═════ GIVEN DATA ═════

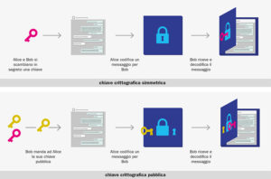 Due metodi di comunicazione crittografica. Il primo si basa sulla condivisione di una sequenza casuale di bit: la chiave. Se questa è perfettamente casuale, lunga quanto il messaggio (in bit) e usata una sola volta, per un teorema matematico il messaggio criptato non può essere decodificato in alcun modo. Il secondo metodo si basa sulla difficoltà computazionale di invertire alcune funzioni. Il metodo è più semplice in quanto non richiede di condividere chiavi arbitrariamente lunghe. La sua sicurezza però non è garantita: un computer quantistico potrebbe comprometterne la sicurezza (vd. anche in Fotoni e segreti, ndr).
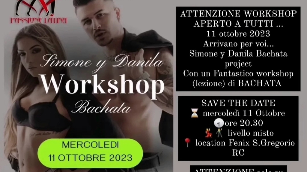 Passione Latina dei maestri Gianfranco Arcudi ed Agata Suraci, presenta alla città gli artisti internazionali di balli caraibici più in voga del momento Simone e Danila. Mercoledì 11 ottobre presso la più grande scuola di ballo della provincia di Reggio Calabria del maestro stellato Giuseppe Modafferi, si terrà un workshop di Bachata. Insieme per il raggiungimento di grandi risultati in vista anche della stagione invernale di Passione Latina.
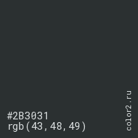 Цвет #2B3031 в цветовой модели RGB обозначается тремя октетами (43, 48, 49) в десятичном формате и #2B3031 в шестнадцатиричном (hex) формате, которые являются интенсивностью красного 43 (hex 2B), интенсивность зелёного 48 (hex 30) и интенсивность синего 49 (hex 31).
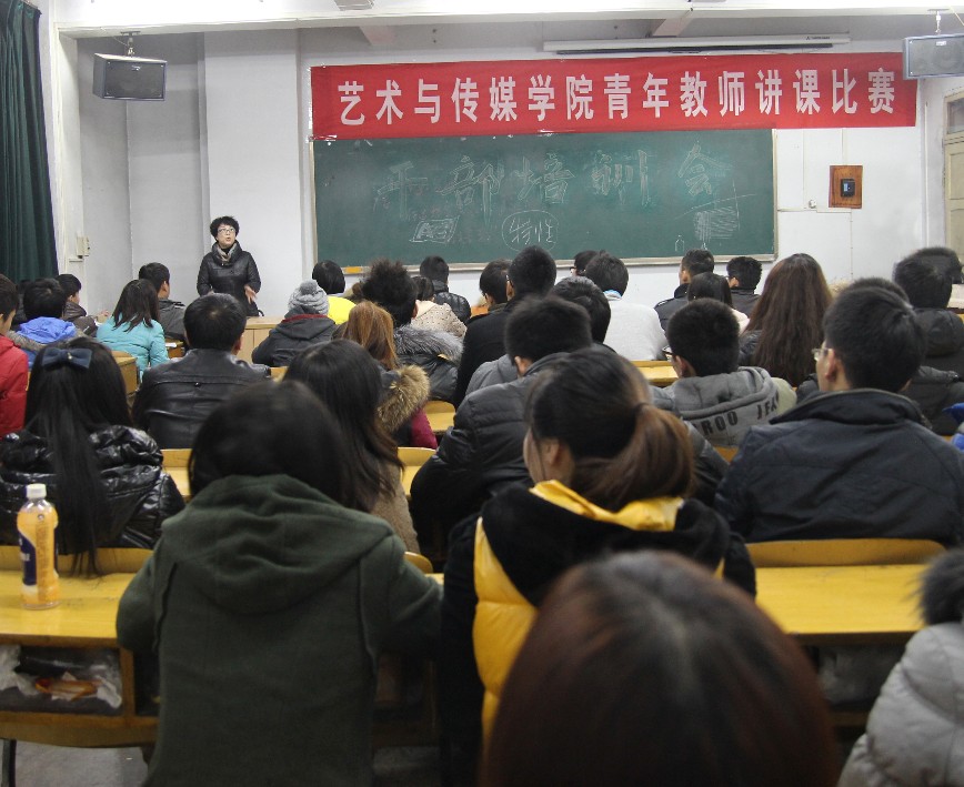 2012年12月11日晚6点,艺术与传媒学院在教3-322教室召开学生干部培训和年度学生工作总结大会,艺术与传媒学院党总支副书记金娜主讲并总结学院学生工作,学院团委、学生会学生干部和各班班长、团支书参加了培训。
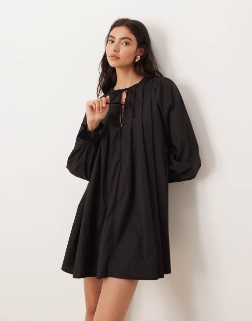 Glamorous tie front long sleeve mini dress in black
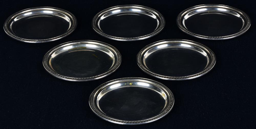 LOTTO COMPOSTO DA 6 SOTTOBICCHIERI IN ARGENTO diam cm 11 peso totale gr 370 A SET OF SIX SILVER UNDER GLASS PLATE diam. 4,33 weight 0,82

═════

The required result is the entries above, printed exactly from the first line through the line with "Passione Latina dei", pictures excluded.

◆ **SOLUTION**
 Due metodi di comunicazione crittografica. Il primo si basa sulla condivisione di una sequenza casuale di bit: la chiave. Se questa è perfettamente casuale, lunga quanto il messaggio (in bit) e usata una sola volta, per un teorema matematico il messaggio criptato non può essere decodificato in alcun modo. Il secondo metodo si basa sulla difficoltà computazionale di invertire alcune funzioni. Il metodo è più semplice in quanto non richiede di condividere chiavi arbitrariamente lunghe. La sua sicurezza però non è garantita: un computer quantistico potrebbe comprometterne la sicurezza (vd. anche in Fotoni e segreti, ndr).
 Passione Latina dei maestri Gianfranco Arcudi ed Agata Suraci, presenta alla città gli artisti internazionali di balli caraibici più in voga del momento Simone e Danila. Mercoledì 11 ottobre presso la più grande scuola di ballo della provincia di Reggio Calabria del maestro stellato Giuseppe Modafferi, si terrà un workshop di Bachata. Insieme per il raggiungimento di grandi risultati in vista anche della stagione invernale di Passione Latina.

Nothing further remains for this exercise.